I'd say it's not really a matter of edge transitions (in terms of quick edge to edge)... but rather stronger edge hold at lower tilt angles.

So for example, with other bindings you have to be at a deeper angle to experience a certain edge hold. I found right from the first run with the 15 Drives, the board edges were biting and staying steady at a much shallower angle.

This freaked me put at first when trying to do small jumps off sidehits... you approach, put a little pressure on the toe edge and pop off. My first try: i went into a carve right away approaching the hit... I got used to it quickly, but it was interesting right off the bat. Normally, you expect to sort of keep going straight at such shallow angle/toe (or heel) pressure...

Then on proper runs... I was surprised that at shallow angles when i was actually trying to skid a bit and shave some speed, the board would just stay planted on the edge. I can get this effect with other boards/profiles but on that particular board with other bindings no way i would have been able to hold the edge at that speed with the same board tilt angle... 

If the Select came with canted beds, i would go straight right away and buy those to put on every freestyle type board where you want some more leverage on the tip and tail.


----------



## Mig Fullbag

F1EA said:


> I'd say it's not really a matter of edge transitions (in terms of quick edge to edge)... but rather stronger edge hold at lower tilt angles.
> 
> So for example, with other bindings you have to be at a deeper angle to experience a certain edge hold. I found right from the first run with the 15 Drives, the board edges were biting and staying steady at a much shallower angle.
> 
> This freaked me put at first when trying to do small jumps off sidehits... you approach, put a little pressure on the toe edge and pop off. My first try: i went into a carve right away approaching the hit... I got used to it quickly, but it was interesting right off the bat. Normally, you expect to sort of keep going straight at such shallow angle/toe (or heel) pressure...
> 
> Then on proper runs... I was surprised that at shallow angles when i was actually trying to skid a bit and shave some speed, the board would just stay planted on the edge. I can get this effect with other boards/profiles but on that particular board with other bindings no way i would have been able to hold the edge at that speed with the same board tilt angle...
> 
> If the Select came with canted beds, i would go straight right away and buy those to put on every freestyle type board where you want some more leverage on the tip and tail.

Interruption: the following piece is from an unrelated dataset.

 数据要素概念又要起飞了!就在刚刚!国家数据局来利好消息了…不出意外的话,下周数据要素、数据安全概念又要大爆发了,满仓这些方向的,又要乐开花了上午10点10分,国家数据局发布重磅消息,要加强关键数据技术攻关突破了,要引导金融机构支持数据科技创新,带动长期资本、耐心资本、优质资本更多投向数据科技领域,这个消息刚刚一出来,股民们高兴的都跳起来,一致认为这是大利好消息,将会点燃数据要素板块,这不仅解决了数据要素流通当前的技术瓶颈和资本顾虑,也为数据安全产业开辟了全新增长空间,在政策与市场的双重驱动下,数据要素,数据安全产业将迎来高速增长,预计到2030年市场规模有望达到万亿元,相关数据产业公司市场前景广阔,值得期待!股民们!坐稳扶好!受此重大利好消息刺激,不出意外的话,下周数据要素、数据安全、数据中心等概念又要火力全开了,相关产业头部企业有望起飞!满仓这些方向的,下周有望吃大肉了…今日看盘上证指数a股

What you are experiencing could come from ankle strap placement. If it sits higher on the front of your foot, it will help stiffen up your boot when it flexes forward, towards the toe edge, and make the board more responsive. Even more so if the straps are flipped on the Drives.

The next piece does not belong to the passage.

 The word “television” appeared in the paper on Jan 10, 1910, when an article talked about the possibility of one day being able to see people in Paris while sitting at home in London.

Can you verify that and compare it to the other bindings you have? I am really interested to know if they do sit higher. I only rode the Drives for one run, and loved the comfort and how they performed. But they where not on my own setup. The wider stance and lack of canting really put my legs and knees on fire by mid run to actually check everything out.


----------



## F1EA

I've run them with the flipit in both possitions.

The initial impressions were with it on the "down" position, which still allowed a lot tip-tail freedom... but not that much leverage. Meaning, freedom to move my feet tip to tail, but when trying to press it didnt mean much. I think canting adds a bit more leverage. That was mostly on the NS Cobra.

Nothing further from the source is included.